If you’re anything like me, you probably want your kids to have the same magical experiences you remember from your childhood.
If you have fond memories of cookie baking, caroling, pageants, Santa visits, Christmas tree farms, or other adventures, you want your kids to love the things you loved, to experience the same wonder and joy that you did.
It’s normal. And wonderful. But sometimes impossible.
Sometimes, our kids don’t experience the world the same way we do. There are allergies, sensory sensitivities, and other challenges that would make the events that we loved more stressful than thrilling, more anxiety-inducing than awe-inspiring.
We can give our kids… and ourselves… a gift. The gift of an appropriate and child-informed holiday season. I’m not saying that we let our littles become dictators who determine what we do (and don’t) do, but instead of chasing after recreating the past and keeping up with the neighbors down the street, we do what works for our family. At our pace. And don’t feel guilty about the rest.
We have a fake tree. I actually have a pine sap allergy, and we also have allergic family members. Instead of bemoaning the fact that we can’t go cut a tree and have that experience, we make the tree setup an event. We turn on music, the kids each have jobs, and it has become an annual tradition.
Know your kids.
So much of our frustration with our kids comes from a desire to make them be people they are not. We want easy-going kids to be more assertive. We want stubborn kids to be more flexible. We want energetic kids to be calmer and more reserved kids to take more initiative.
If there are areas that you know will particularly spark your kids’ interests and emphasize their strengths, prioritize those things.

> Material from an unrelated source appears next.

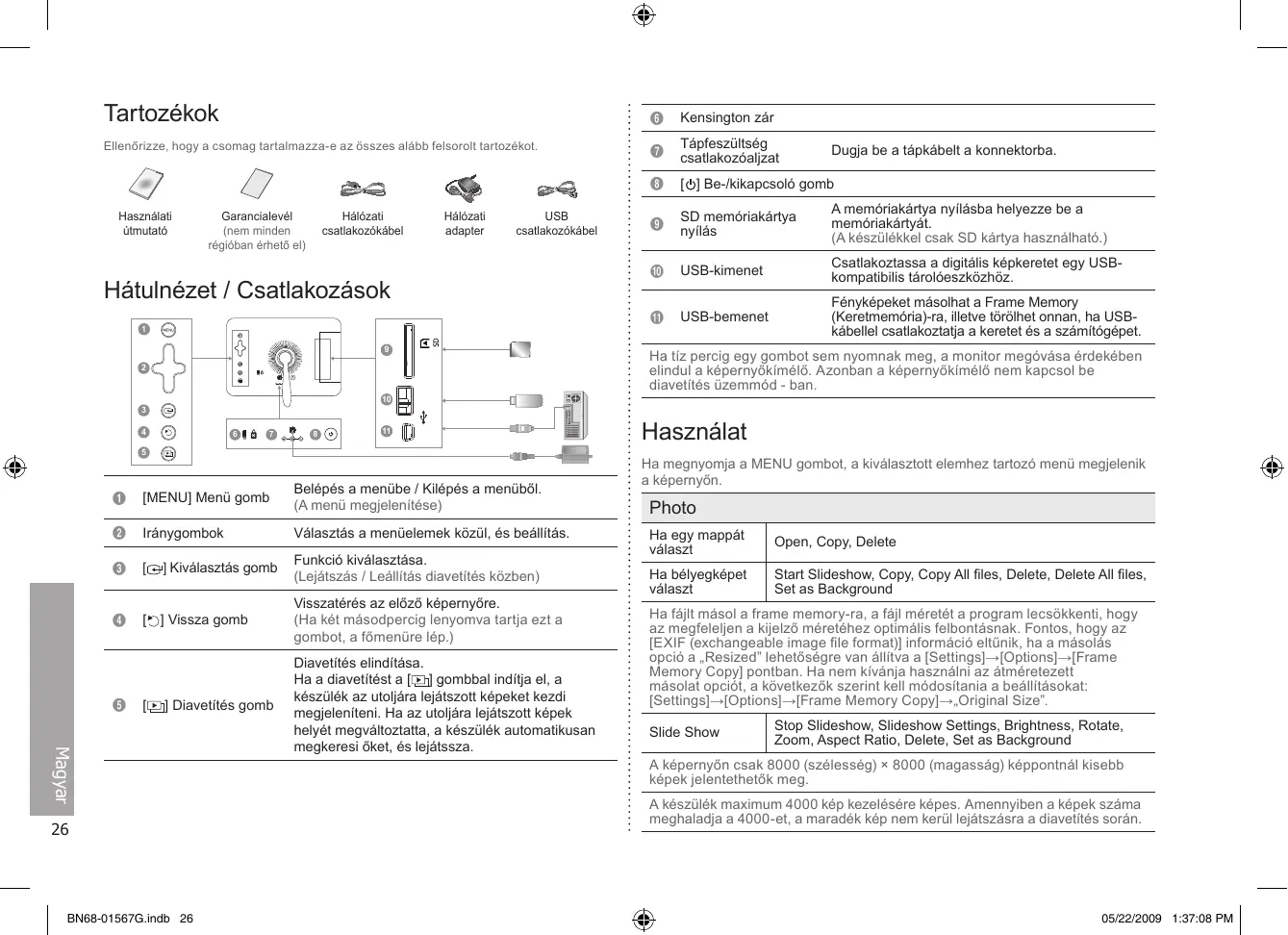 Settings ? A csatiakoztatott külsé 9 © téroléeszkôztnemismerifela | CR crotet szamitégéoh Language, Brightness, Auto Fit Portrait Photo, fotékeret. satiakoztassa à fotékeretet szämitégéphez, Options Frame Memory Copy és ellenérizze a mükädési llapotot. ; | Nagy felbontés vagy nagy féjméret esetén Preference na tone Sogeon Saver, Home Background, na 9EKEZ6 | etat eg ideig, mire a kép megjelenk a : képernyën Update/Reset | Firmware Update, Reset Settings, Product Information ue Müszaki leiras A firmware frissitése = Müszaki adatok Müszaki leiräs ERREURS Modelinév SPE-T1E SPE-7IES Digitälis fotékeret, Fi frissitéfäil, SD kärt hordozhaté USB Digi li 10 «eret, Firmware frissftéfäjl ya vagy hordozhat Ke Tipus 7 inch (17 cm) TFT (analôg) Frissités Felbontés | 480 x 234 Kérjük, lâtogasson el a http://www.samsung.com honlapra, és a letôltések Tämogatott formätumok ee es CMYK JPEG nem © hivatkozäsra kattintva tôlse le az USB-monitorhoz tartozé termékszoftvert s {firmware-t) a modell szämänak megadäsäval Beépitett memôria 120 MB 168 © Tältse le a megfelelé firmware (termékszoftver, és tômôritse ki. Use Gazdagép (USB 1.1) | Gazdagép (USB 2.0) l'Eszkëz (USB 2.0) | /Eszkôz (USB 2.0 © Mésoli ât a litémôrien fl (is) egy SD-kéryére, vagy egy USB- szk6z ( ) Szk6Z ( ) memériâra, és csatiakoztassa azt a Digital Photo Frame-hez. Névieges Vélassza ki a [Seti Update/Reset [Fi Update] lehetéséget teljesimény | Külsô egyenéramü adapter (12 V) © Välassza ki a [Setings]{Update/Reset] {Firmware Update] lehetôséget. Tapleszütség | Küsô © Afrissités végeztével kapcsolja ki, majd be a Digital Photo Frame-et Teljesitmény | Normäl üzemmédban : 4.8 W À termékszoftver verzidjät leellenérizheti a [Settings]—[Update/Reset}_> felvétel Kikapcsolt éllapotban : kevesebb mint 1 W Product infc ti tbe [Product information] pontban & x mé) 217.5 mm x 156.5 mm x 43 mm eneral

Go to the train display, watch the cute movie, craft to your heart’s content.
See 20 Santas if that’s your thing. Participate in parties, parades, pageants, dances, and secret Santa… if that’s what works for your family.
Our family does well in smaller group settings, in quieter and less chaotic settings, so we prioritize those type of events.
Our family also does well with shorter time commitments, so we rarely schedule something that will be longer than 2 hours. They also need lots of down time and free play, so we build that in to our schedules.
This isn’t pampering or coddling our kids. We give them plenty of opportunities to stretch themselves and to be out of their comfort zones, but the holidays are already stressful enough – routine is disrupted, lots of additional stressors and excitement… even good things add to the stress level.
Stretch it Out
There’s nothing that says everything needs to happen during the days surrounding the holiday. Instead of cramming everything into a few frantic days, spread it out.
Go to a light show a couple weeks beforehand.
Break out the crafts and try a new activity – maybe go shopping for friends or relatives together.
Pace yourselves. Kids enjoy small surprises and can appreciate them more fully when they’re not being rushed to the next thing.
Schedule “pajama days”. Days where you don’t have anywhere to go or anything to do other than to be together. Prioritize that togetherness and your relationships instead of rushing to the next thing.
Emphasize connection over perfection
Sometimes, the most magical moments are those spontaneous dance parties next to the tree.
The tree may not be “perfect”, but the kids decorated it, so it’s theirs. The house may not be perfect, but it’s homey and warm, and family is there. And we have time for one another, because we’re not rushing frantically from one event to the next.
This year, give yourself and your kids a break from the craziness of the season, and enjoy a few magical things together.